Caroline Katsiroubas, director of marketing and community relations at Freight Farms (left), Jon Friedman COO and co-founder of Freight Farms (right)

“Let’s take lettuce,” says Jon Friedman, chief operating officer and co-founder of Freight Farms. “You think about islands being this tropical place where everything grows. In reality it’s volcanic in those areas. Things like fruits can grow really well there, [but] leafy things like lettuce require cooler settings.”

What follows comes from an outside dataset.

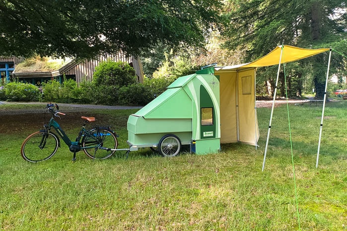 Zogenoemde fietscaravans bestaan al langer, zoals die van Wide Path. Scout voegt daar nu de Scout Stop & Stay aan toe. Compleet met oplooprem. En speciaal voor achter de e-bike.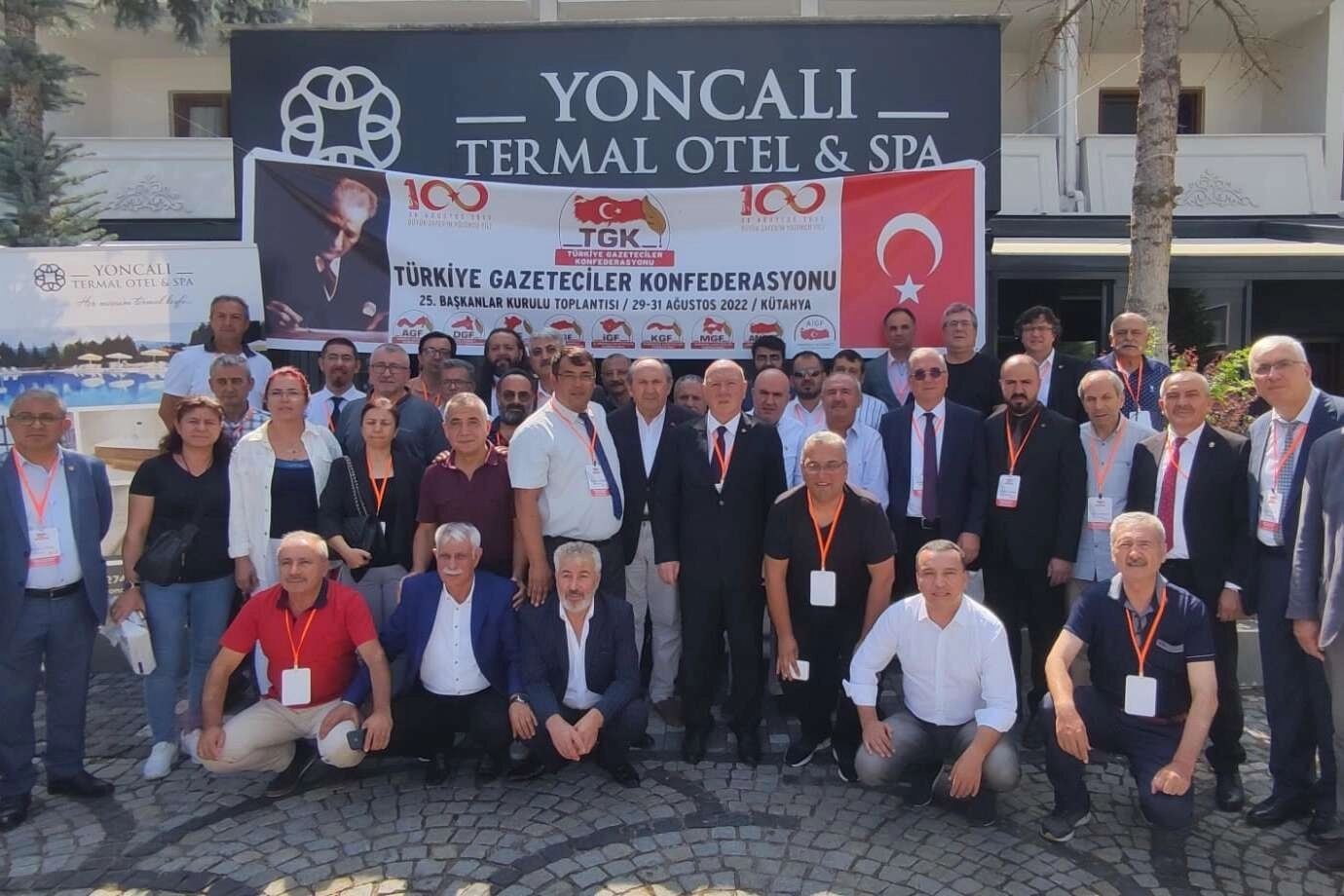 Türkiye Gazeteciler Konfederasyonu’nun 25. Başkanlar Kurulu Toplantısı, Kütahya Gazeteciler Cemiyeti’nin ev sahipliğinde yapıldı. 9 gazeteciler federasyonu ile bu federasyonlara bağlı 74 gazeteciler cemiyeti başkanı ve basın meslek kuruluşu temsilcisinin katıldığı toplantıdan sonra açıklanan TGK 25. Başkanlar Kurulu Sonuç Bildirgesi’ni okuyan Türkiye Gazeteciler Konfederasyonu Genel Başkanı Nuri Kolaylı, "Türkiye Cumhuriyeti’nin kurucusu Başkomutan Mustafa Kemal Atatürk önderliğindeki kahraman ordumuz, tam 100 yıl önce, işgalci güçlere karşı muhteşem bir zaferle sonuçlanan Başkomutanlık Meydan Muharebesi’ni kazanmış, milletimizin bağımsız ve hür yaşama iradesini tüm dünyaya haykırmıştır. Türkiye Gazeteciler Konfederasyonu olarak demokratik, laik ve sosyal hukuk devleti anlayışı içinde ülkemizin birliğine, bütünlüğüne ve bağımsızlığına sahip çıkma kararlılığımız hiçbir koşulda değişmeyecektir. Kahraman atalarımızdan aldığımız bu kutsal toprakları, gerektiğinde canımız pahasına korumak, temsilcisi olduğumuz 20 bin medya çalışanının öncelikli vatan borcudur" dedi.

While paradise might have sandy beaches and warm nights, it doesn’t have much spinach or a green salad. This is the problem Freight Farms would like to solve.

The South Boston-based company builds hydroponic farms, artificial environments that can grow vegetables ranging from lettuce and carrots to herbs or even flowers. True to its name, Freight Farms builds its farms out of repurposed shipping containers, turning the same metal boxes that move car parts and t-shirts into two-acre fields powered by fertilizer, LEDs, and artificial intelligence.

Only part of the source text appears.